Peter Saul is considered by many to be one of the most singular artists of his generation, whose paintings have continued to challenge audiences over the course of a career spanning more than six decades. Born in San Francisco, California in 1934, he briefly attended Stanford University and the California School of Fine Arts before going on to receive his BFA from Washington University, St Louis in 1956. After graduating, Saul moved to Europe where he lived first in Amsterdam, later in Paris and Rome. The relative isolation that his moved afforded him in part lead Saul to derive inspiration from popular culture, particularly American magazines and comic books. His drawings from that time in particular are a hybrid of abstract expressionistic marks and cartoon-inspired imagery. His bold and brushy paintings juxtaposed the loosest of domestic settings - bedrooms, bathrooms, kitchens - with what he referred to at the time as “folklore, contemporary version, which seems to be mainly the commercial and the smutty.” While living in Paris, Saul’s work drew the attention of Chicago dealer Allan Frumkin, who gave him his first solo exhibition in 1961. The critical acclaim was almost immediate, with Saul quickly added to the growing list of artists making what was soon dubbed ‘Pop Art.’

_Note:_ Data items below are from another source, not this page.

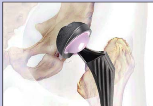
Hüfte mit Prothese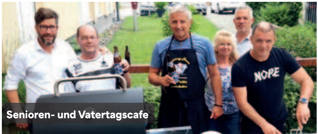
Senioren- und Vatertagscafé

Ein herzliches Dankeschön an alle, die sich aktiv für unsere Senioren und die Gemeinschaft einsetzen!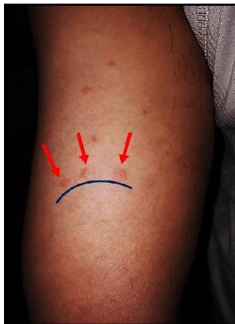
شکل ۳: ترکیب خطی بر روی بازوی فرد «صبح، ظهر و شب»

نتایج مطالعه وانگ و همکاران (۲۰۱۶) نشان داد که تنها ۶۸٪ از ساکنین منازل آلوده نسبت به گزش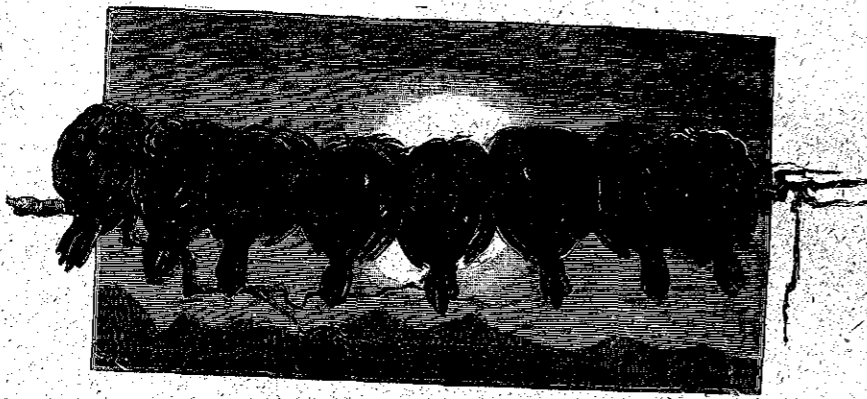
Ἐκ τοῦ Τυπογραφείου τῶν Καταστημάτων Ἀνάστη Κωνσταντινίδου 1896.

Ο τόμος οὗτος περιέχει 225 εικονογραφίας καὶ κοσμηήματα.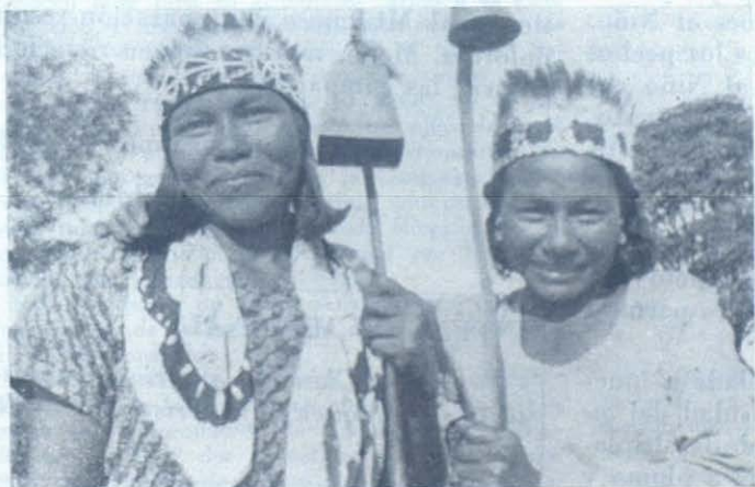
Mujeres angaitas vestidas de fiesta.

También los Khasis creen que cuando Dios creó al hombre, la paz reinaba en el mundo. El pecado, el dolor, la injusticia eran desconocidos. Dios había hecho pacto con los hombres, y la paz reinaría mientras los hombres fueran fieles al pacto. Pero el hombre pecó. Cayó así el puente que unía al cielo con la tierra; rota la alianza, el pecado empezó a reinar en el mundo, y con el pecado todos los ma-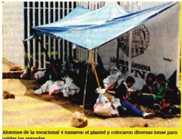
Alumnos de la vocacional 4 tomaron el plantel y colocaron diversas lonas para cerrar las entradas.

En diversos planteles tanto de nivel medio superior como superior, estudiantes del Instituto Politécnico Nacional realizaron paros de labores, parciales en algunos, totales en otros. La demanda de los jóvenes gira en torno a la reciente modificación de adscripción del Instituto, que pasó de la Subsecretaría de Educación Superior a la oficina del titular de la Secretaría de Educación Pública. Los estudiantes piden que se informe de las implicaciones tanto académicas como administrativas de esa decisión, pese a que la SEP insiste en que la estructura de la institución no se modifica.

Following his return to the United States in 1964, he settled in the San Francisco suburb of Mill Valley. While he continued to use tropes such as Superman and Donald Duck, toilets, knives, guns and food items as compositional and satirical elements, the context of California in the 1960s, the Cold War, Vietnam and Civil Rights protests, was transformative. Never one to shy away from difficult subjects, Saul addressed the most divisive issues of the time with characteristic bluntness, none more so than the Vietnam War. He commented in 1967, “now I think I have… paintings that could prohibit a sophisticated response. Not just because of ‘obscenity,’ which is prevalent, but because it is coupled with politics. I am polarizing things, want to see good and bad.” Those paintings, equally critical of all parties involved, feature over-sexed G.I.s and female caricatures of Asian ‘types’ as un-subtle representations of the atrocities of war. Besides the rampant “obscenity,” Saul’s adoption of acrylic paints and the day-glo palette they offered is a send-up not just of perceived ‘good taste’ but also the moral corruption he was satirizing.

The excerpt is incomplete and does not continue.